RE: You Know You Want To: BMW E30 M3

RE: You Know You Want To: BMW E30 M3

Wednesday 14th March 2012

You Know You Want To: BMW E30 M3

Harris ponders the question: chase the rare bird or enjoy the cheaper delights of its more common brethren?



Minter or shed?

This is the nucleus of the used car adventure. We trawl the classifieds for hours, but the one question that will never, ever be fully resolved is the eternal debate between greater expenditure on perceived perfection - and a corking deal on imperfection because your expert eye spots an easy fix.

This brings me to the E30 BMW M3.

Sport Evos now nudging £50K - worth it?
Sport Evos now nudging £50K - worth it?
Prices of collectable M3s are just beginning to creep into previously uncharted territory, or should I say asking prices are doing this because I can't verify any actual transaction prices. Later Sport Evolution, or EVO 3, or 2.5 cars - whichever you call them - are into the high-50s now. Is it deserved? Hard to say no. It's the most famous high performance BMW, there were only 600 built and I must have seen 10 totaled with my own eyes at the 'ring in the past decade. So there aren't 600 left.

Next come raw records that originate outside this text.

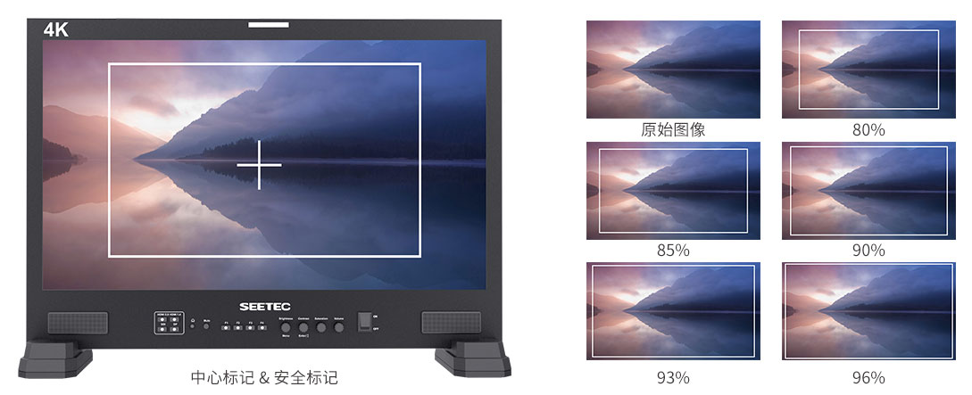 防止播放時掃描溢出,導致不該被切的畫面而被切掉。監視器設有多種畫幅安全框標記( 80%, 85%, 90%, 93%, 96%) 和拍攝標記線和十字中心線。保障穩定可靠的拍攝高效進行,滿足多樣化的后期裁剪需求。用戶可以根據不同拍攝背景色調靈活選擇標記線顏色(紅色, 綠色, 藍色, 黑色, 白色)。
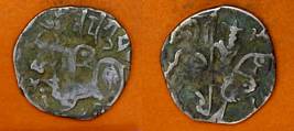 | Description / विवरण | Descrpn./Obv Recumbent bull facing left, wearing jhula (saddle cloth), with trisula (trident) symbol on rump. Above, legend in Sarada script Sri Samantadeva . Descrpn./Rev Rider with lance on caparisoned horse facing right. On left, Sarada letter bhi and on right, Sarada letter ta |
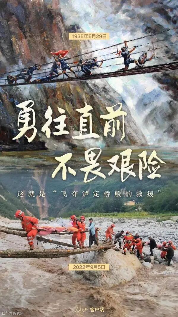 ●前有红军“飞夺泸定桥”,后有甘孜特警队员“飞夺泸定桥式的救灾”,前用身躯冲破地热的封锁,后无畏困难,只为救援的精神,一代传承一代,永不褪色,不怕牺牲。
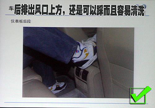 在國(guó)內(nèi)車輛后排座椅的率用率往往很高,這不僅僅是兩邊的坐席位置,中間的坐位也經(jīng)常會(huì)乘坐乘員。那么這名乘員的腿部完全可以放在后排中央出風(fēng)口的位置,因?yàn)榇蟊娍紤]到了車內(nèi)乘員的這種需求,這部分設(shè)計(jì)不但結(jié)實(shí)而且耐用易清洗。
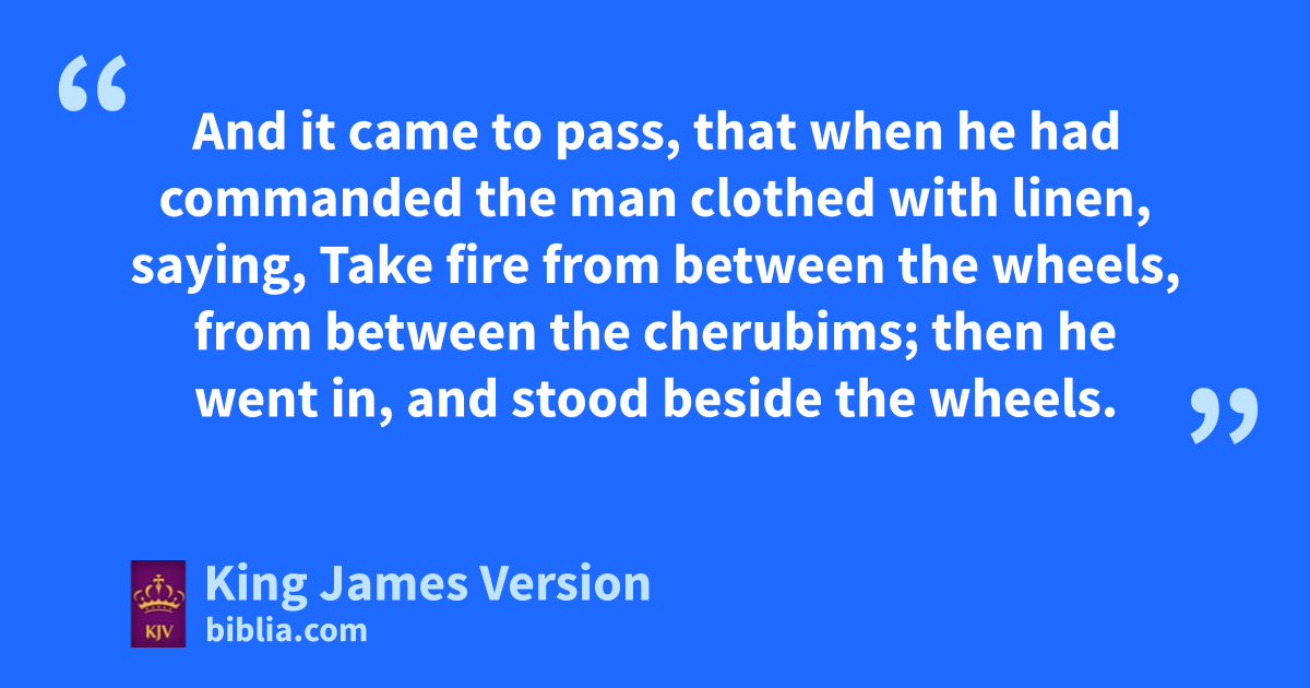 10 Then I looked, and, behold, in athe firmament that was above the head of the cherubims there appeared over them bas it were a sapphire stone, bas the appearance of the likeness of ca throne. 2 And he spake unto dthe man clothed with linen, and said, Go in between ethe wheels, even under the cherub, and fill †thine hand with fcoals of fire from between the cherubims, and gscatter them over the city. And he went in hin my sight. 3 Now the cherubims stood ion the right side of the house, when the man went in; and the cloud filled jthe inner court. 4 Then kthe glory of the Lord †went up from the cherub, and stood over lthe threshold of the house; and mthe house was filled with the cloud, and the court was full of knthe brightness of the Lord’s glory. 5 And nnthe sound of the cherubims’ wings was heard even to the outer court, nas the voice of the Almighty God when he speaketh. 6 And it came to pass, that when he had commanded dthe man clothed with linen, saying, oTake fire from between ethe wheels, from between the cherubims; then he went in, and stood beside the wheels. 7 And one cherub †stretched forth his hand from between the cherubims unto the fire that was between the cherubims, and took thereof, and put it into othe hands of dhim that was clothed with linen: who took it, and went out.
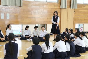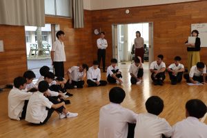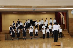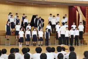 朝夕は気温も低くなりやっと秋の気配を感じられる今日この頃、中学校では毎日”文化の薫り”に包まれて過ごさせていただいています。朝、どこからとなくクラス合唱曲のメロディーが流れてきますし、給食中はクラス合唱曲をBGMに楽しく食事をしています。そして今日は縦割りの異学年交流として、1~3年生の合唱を披露し合いました。後輩は先輩から歌唱の技術はもちろん、合唱への思いなどたくさん学んでいましたし、先輩は後輩へやさしく指導する場面が見られました。いよいよ10月24日(金)文化祭本番へ向けて、ステージ発表やリハーサルの準備に余念がありませんが、附中生頑張っています!
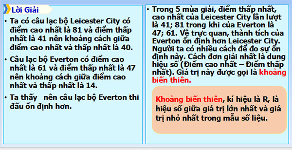 - Tính được số đặc trưng đo mức độ phân tán cho mẫu số liệu không ghép nhóm: khoảng biến thiên, khoảng tứ phân vị, phương sai, độ lệch chuẩn.
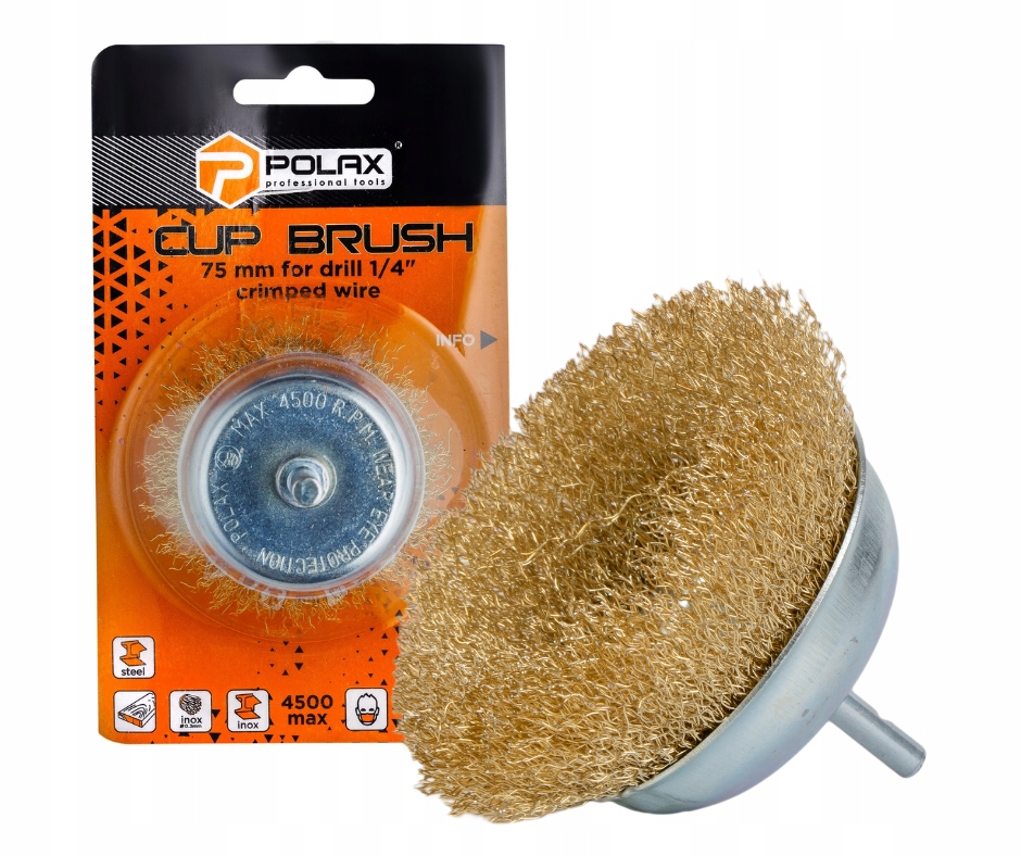 передняя щетка Polax можно использовать в наборе с любыми типами ручных и электрических сверл. предназначен для быстрой очистки металла и других поверхностей и элементов из старой краски, лака, коррозии, признаков естественного старения (патины), фундаментальных слоев, в том числе в твердых местах >
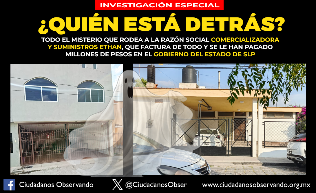 La utilización de este tipo de razones sociales, muestran diversas anomalías y situaciones con fuerte tufo a corrupción, que generan demasiadas dudas de lo que está realmente detrás. Igualmente, cuestionable que Luis Gerardo Loredo Vargas, integrante de la Secretaría Ejecutiva del Sistema Estatal Anticorrupción esté ligado a Comercializadora y Suministros Ethan que recibe pagos millonarios del gobierno al que se le debe vigilar con lupa y no tenerlo como cliente, con una sospechosa fachada.
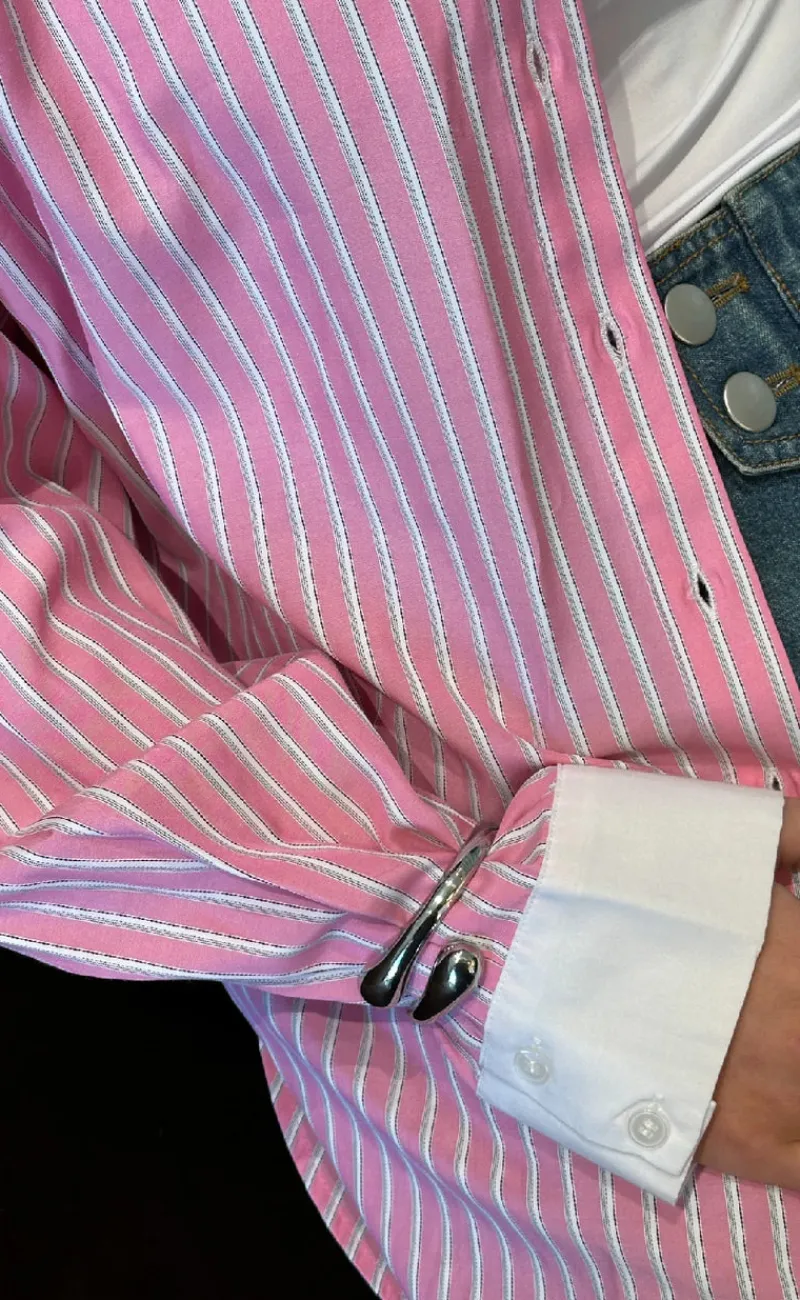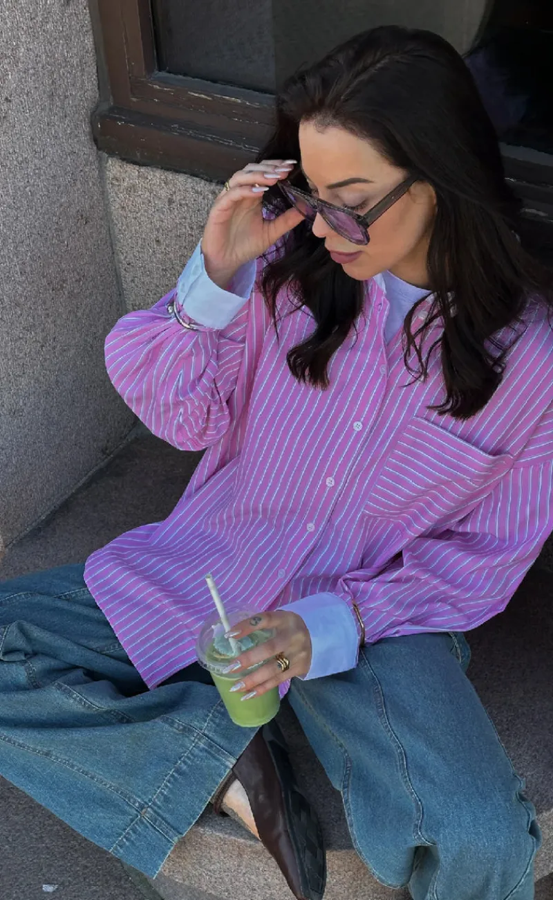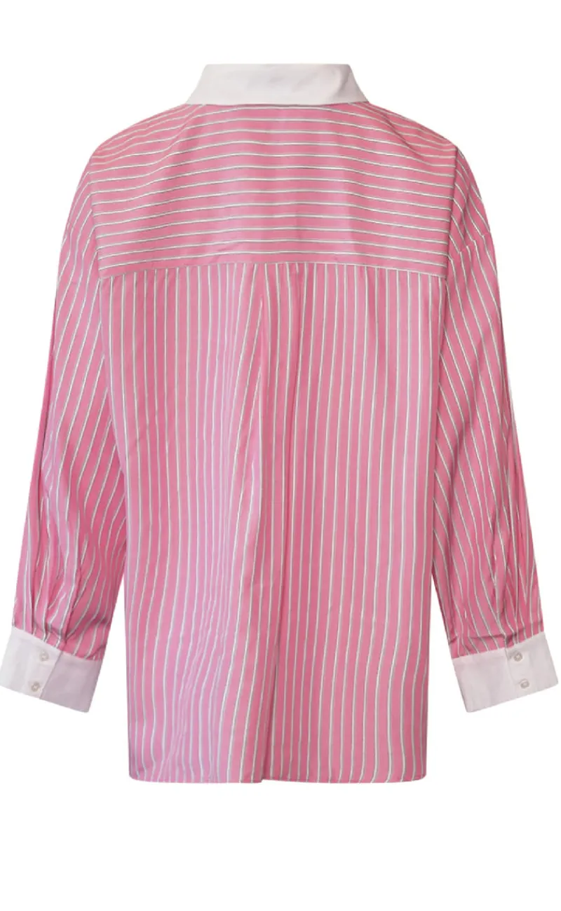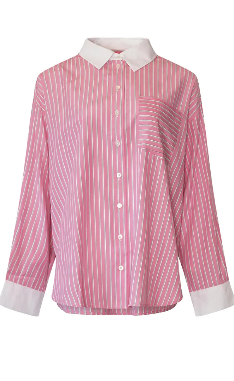 Smuk, stribet skjorte fra Noella i lyserøde nuancer.
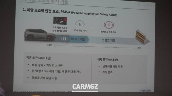 현대자동차 김동호 책임연구원은 페달 오조작 방지 보조(Pedal Misapplication Safety Assist), PMSA) 및 가속 제한 보조(Acceleration Limitation Assist , ALA) 기능을 소개했다.
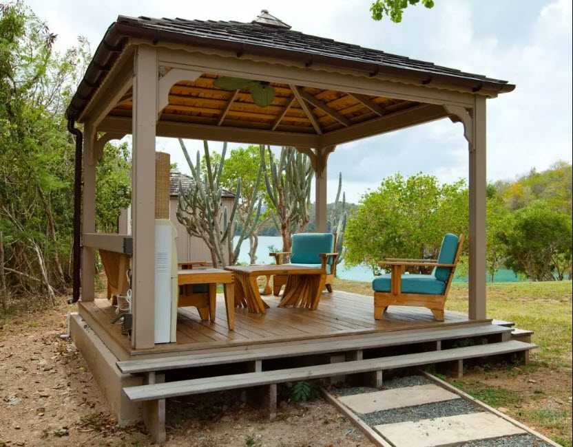 Самый простой и популярный вариант – открытая конструкция, не имеющая ограждений. Беседка состоит из пола, вертикальных опор и крыши, что обеспечивает максимум свободного пространства. Что касается габаритов беседки, то все зависит от предпочтений домовладельца, кому-то достаточно маленькой постройки для двоих, другим нужна масштабная постройка для того, чтобы собрать семью за одним столом. Главная задача такой беседки – дать отдохнуть в тишине, насладившись природой, ее красотой и величием.

A step rise in values of the real catch often leads to attractive disparities between the best and the average though: is a 2.5 really worth £40K more than a UK-supplied 1987 2.3-litre car? If you're looking to tuck it away and watch the value increase, it probably is. If you're going to drive it, the answer is no.

You Know You Want To ... you sure Chris?
You Know You Want To ... you sure Chris?
In summer 2010 BMW held an event celebrating 25 years of the original M3 at Ascari race resort in Spain. It just laid out every possible example of the car and let you head off onto the Ronda road for a blast. Tough life, and all that.

I learned four things that day. First, the new E92 M3 GTS was way overpriced. Second, I want an E30 M3 cabrio, but am too ashamed to admit as much. Three, Bill Thomas, formerly of Top Gear magazine and now editing Wheels in Oz is highly amusing. Four, the 2.3-litre car is actually sweeter than the Macdaddy 2.5.

This last point was a shock. As a nipper I'd read about the 2.5's added power, but on the road, the best version I drove was a 200hp, non-cat 1986 model on 15-inch wheels. It provided the most authentic E30 experience. The steering was just delicious, the grip/power wrangle was only just settled in favour of the engine and it felt fantastic.

One to enjoy rather than tuck away
One to enjoy rather than tuck away
Of course there is always the possibility that this just happened to be a better example than the others, but I thought the 2.5 motor was much coarser, less willing to rev, and the extra grip on wider 16-inch rubber killed most of the playfulness.

And reminding myself of all that, I look at a £16K 2.3-litre car like this one, with a few bubbly panels and think 'you know what?' That suddenly looks cracking value next to a Sport Evolution. There might be £3-4K of stuff to sort, but you're still left with an icon at a fraction of the price of the one everyone's talking about.

And I think we all agree that the E30 has reached a stage where values are now only going one way.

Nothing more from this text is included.